A year ago we announced the start of 'the Great Moderation' in prime residential markets. Twelve months on the slowdown has gathered pace.
Written By:
Kate Everett-Allen, Knight Frank
1 minute to read

The change in prime prices for all 45 cities averaged 1.1% in the year to Q3 2019, down from 3.4% in 2018 and 4.2% in 2017.

Despite a longer-than-expected period of loose monetary policy and steady wealth creation, luxury sales volumes are at their weakest for several years in many first tier global cities.

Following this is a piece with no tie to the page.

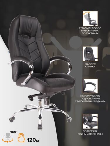 Кресло руководителя Kron M (кожа) EC-366 Leather Black Черный

Slower global economic growth – the IMF lowered its 2019 forecast from 3.3% to 3.0% in October – along with escalating headwinds: US/China trade relations, Hong Kong’s political tensions, a US presidential election in 2020 and the Brexit conundrum are influencing buyer sentiment.

Key findings, Q3 2019

  • 76% of cities registered static or rising prices over the 12 months to September 2019
  • Moscow leads the index this quarter with prime prices rising by 11% over the 12 months to September 2019
  • As we forecast last year, the Eurozone’s key cities of Berlin (6.5%), Madrid (4.2%) and Paris (4.2%) have performed strongly in 2019 with Frankfurt and the Swiss cities of Geneva and Zurich also high in the rankings.
  • Seoul was the weakest-performing city in the year to September due in part to tighter regulations including a price cap on new homes which is due to come into effect in Q4 2019.